Offering frequent news and analysis from the majestic Evergreen State and beyond, The Cascadia Advocate is the Northwest Progressive Institute's unconventional perspective on world, national, and local politics.

Friday, July 31, 2009

Seattle's where the real summer is

The Pacific Northwest is finally starting to cool off a little bit, after Seattle and Vancouver, B.C. each snapped all time temperature records earlier this week.

Last night brought relief for those sleeping in homes without air conditioning, as outside temperatures fell into the mid sixties. Highs in the mid eighties are expected over the next few days, with lows dipping into the fifties.

Mostly sunny/partly weather comprises the forecast.

The record heat has the nation talking. An Associated Press wire story about the record-breaker ran in newspapers and on television station websites coast to coast. Brian Williams mentioned it on his NBC Nightly News broadcast on Wednesday.

Meanwhile, New York is experiencing one of the coolest summers on record, and scientists there are trying to send the message that local weather conditions do not prove or disprove the existence of the climate crisis:
William D. Solecki, a geography professor at Hunter College of the City University of New York and co-chairman of a mayoral panel on climate change, warned that this summer’s unusually mild temperatures should not buoy global warming skeptics.

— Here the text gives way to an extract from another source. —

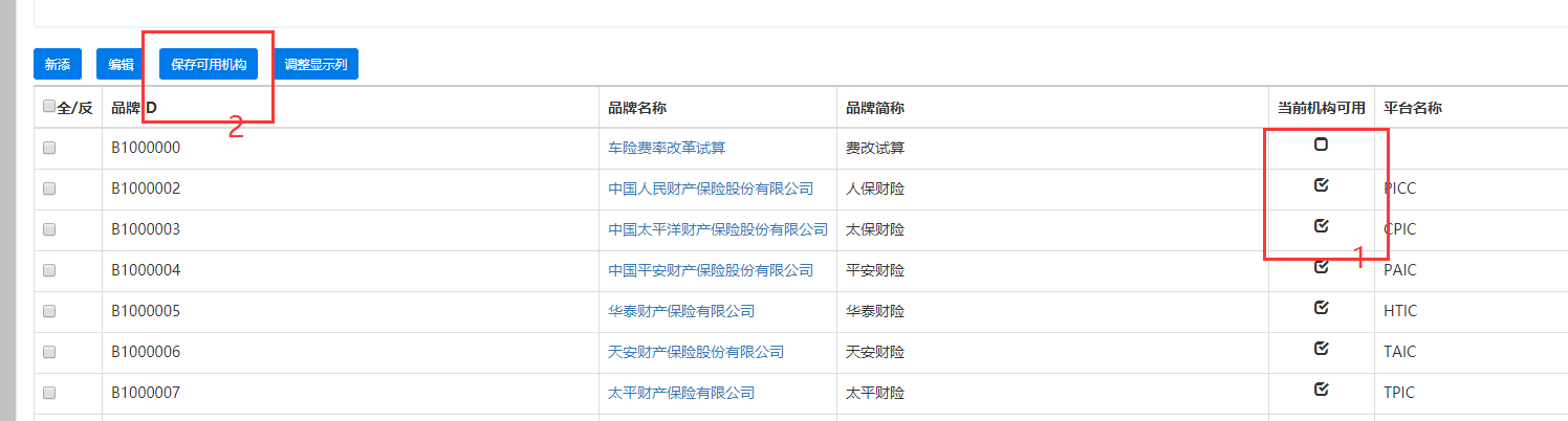操作问题:是否可用需要勾选【当前机构可用】后,再点击【保存可用保险品牌】;如图

“Ask them to visit Seattle,” he said, where a record temperature of 103 was recorded on Wednesday.
So what's causing New York and Seattle to trade microclimates? Here's KOMO 4 weather blogger Scott Sistek with an answer:
[T]he weather pattern over North America has two big features -- a big, big ridge of high pressure anchored along the western third (stretching from Baja to almost the Arctic Circle) and a big, big area of low pressure anchored over Hudson Bay.

Not only has that ridge baked the West Coast, but on the other end of the scale, that low has made life miserable for the rest of the nation east of Denver. There, summer has gone into hiding, with relentless rain and thunderstorms. New York City is on pace for one of their coldest July's ever.

With such exaggerated patterns, it's hard for them to budge because they are so strong they get stubborn. Incoming weather systems, typically weaker around here in summer anyway, are no match to move a ridge of this size, and then in turn, this ridge doesn't move to push the eastern low out of the way. It's like having a disabled semi jackknifed on the 520 bridge -- there's just not much room to move.
To conclude, the weather won't be changing much anytime soon, although now that we've moved more to a comfortable plateau of about eighty five degrees Fahrenheit for our high, it'll seem like a real Pacific Northwest summer again.